The halogen atom as the substituent preferably includes a fluorine atom, a chlorine atom and the like.
The lower alkyl group as the substituent preferably includes a methyl group, an ethyl group, a propyl group, an isopropyl group, and the like.

The halo (lower) alkyl group as the substituent preferably includes a difluoromethyl group, a trifluoromethyl group, and the like.
The hydroxy (lower) alkyl group as the substituent preferably includes a hydroxymethyl group, a 2-hydroxyethyl group, a 1-hydroxy-1-methylethyl group, and the like.

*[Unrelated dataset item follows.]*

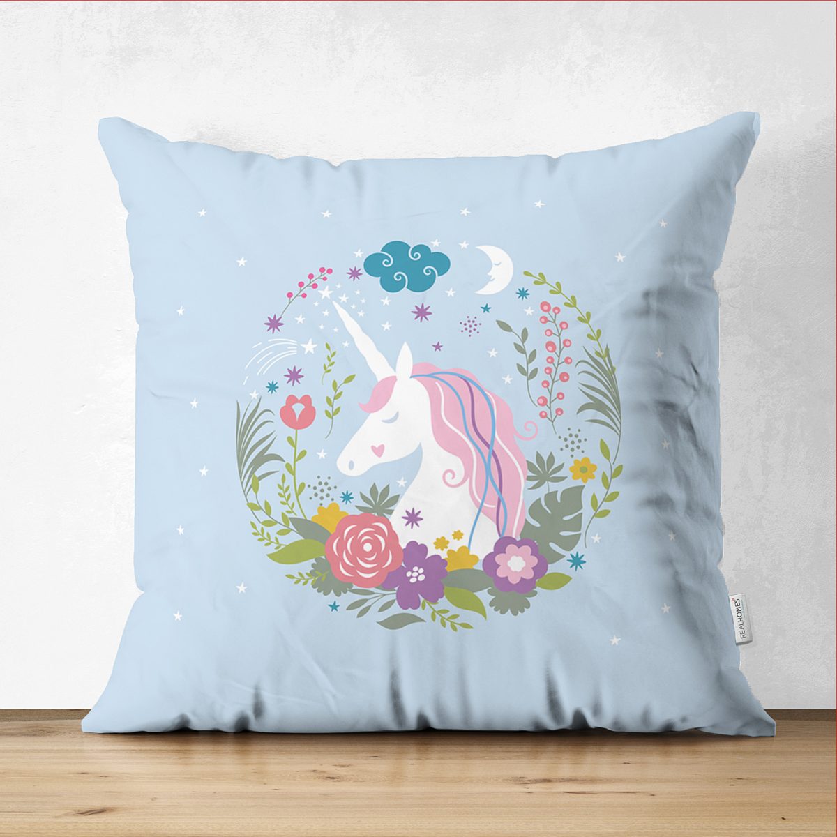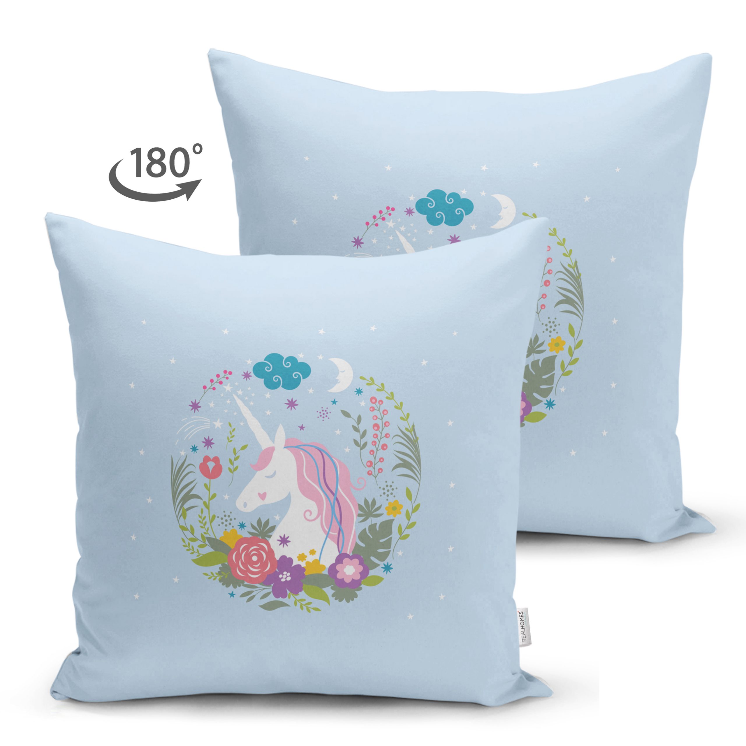 Çift Taraflı Mavi Zeminde Unicorn At Desenli Çocuk Odası Süet Yastık Kırlent Kılıfı Realhomes
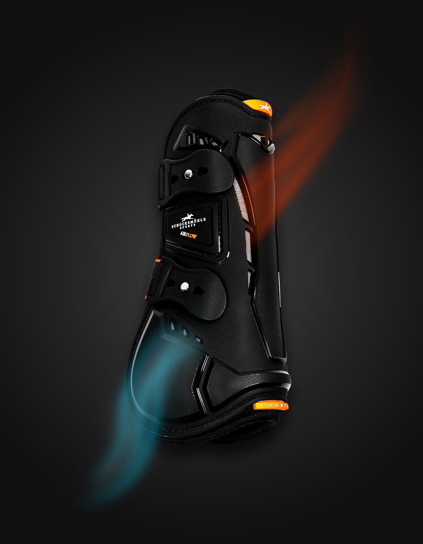 Die SP Air Flow Champion Tendon Boots von Schockemöhle Sports bieten maximalen Schutz für die Pferdebeine und verhindern gleichzeitig einen Hitzestau. Dank der innovativen Belüftungsschlitze wird die Luft optimal um das Pferdebein zirkuliert: Frische Luft strömt durch die seitlichen und rückwärtigen Öffnungen ein, verteilt sich um die Sehnen und entweicht durch die oberen Abzugsöffnungen. Dieses Belüftungssystem sorgt für eine effektive Wärmeableitung und beugt Überhitzung vor.

The lower alkoxy group as the substituent preferably includes a methoxy group, an ethoxy group, and the like.
The halo (lower) alkoxy group as the substituent preferably includes a fluoromethoxy group, a difluoromethoxy group, a trifluoromethoxy group, and the like.
The lower alkylamino group as the substituent preferably includes a methylamino group, an ethylamino group, and the like.
The di-lower alkylamino group as the substituent preferably includes a dimethylamino group, a diethylamino group, and the like.
The lower alkanoyl group as the substituent preferably includes an acetyl group, a propionyl group, and the like.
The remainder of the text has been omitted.